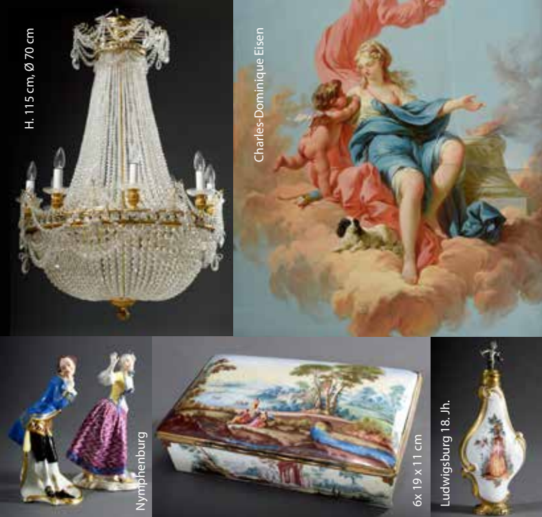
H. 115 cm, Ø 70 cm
════════════════════
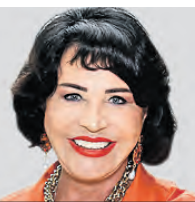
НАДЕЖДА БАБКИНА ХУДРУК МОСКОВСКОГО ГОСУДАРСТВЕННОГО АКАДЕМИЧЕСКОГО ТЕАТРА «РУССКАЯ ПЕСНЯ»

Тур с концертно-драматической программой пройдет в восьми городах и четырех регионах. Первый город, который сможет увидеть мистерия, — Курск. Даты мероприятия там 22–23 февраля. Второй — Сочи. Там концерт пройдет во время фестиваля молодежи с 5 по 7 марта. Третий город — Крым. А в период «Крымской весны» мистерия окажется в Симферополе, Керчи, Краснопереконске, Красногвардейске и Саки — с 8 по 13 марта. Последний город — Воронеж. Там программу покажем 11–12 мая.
════════════════════
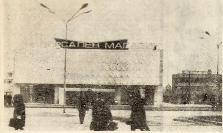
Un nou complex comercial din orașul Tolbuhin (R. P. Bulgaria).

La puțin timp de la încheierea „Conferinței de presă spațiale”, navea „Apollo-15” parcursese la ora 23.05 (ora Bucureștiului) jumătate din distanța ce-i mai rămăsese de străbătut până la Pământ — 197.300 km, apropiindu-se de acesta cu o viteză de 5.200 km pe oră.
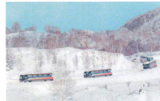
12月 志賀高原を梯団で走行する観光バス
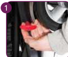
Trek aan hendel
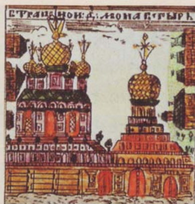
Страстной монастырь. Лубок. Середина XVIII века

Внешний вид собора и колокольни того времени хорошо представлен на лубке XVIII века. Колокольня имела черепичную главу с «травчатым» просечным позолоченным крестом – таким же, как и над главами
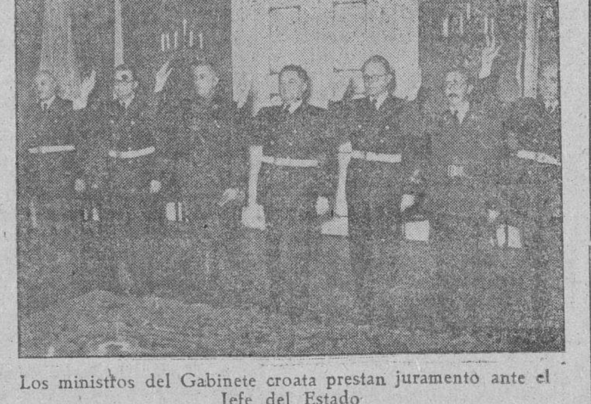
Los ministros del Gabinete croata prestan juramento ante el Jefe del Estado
════════════════════
- Task to complete
Leave out every picture, and copy exactly the lines above starting at the one holding "Trek aan hendel" and ending at the one holding "Los ministros del", no more and no less.

- Response area
Trek aan hendel
Страстной монастырь. Лубок. Середина XVIII века

Внешний вид собора и колокольни того времени хорошо представлен на лубке XVIII века. Колокольня имела черепичную главу с «травчатым» просечным позолоченным крестом – таким же, как и над главами
Los ministros del Gabinete croata prestan juramento ante el Jefe del Estado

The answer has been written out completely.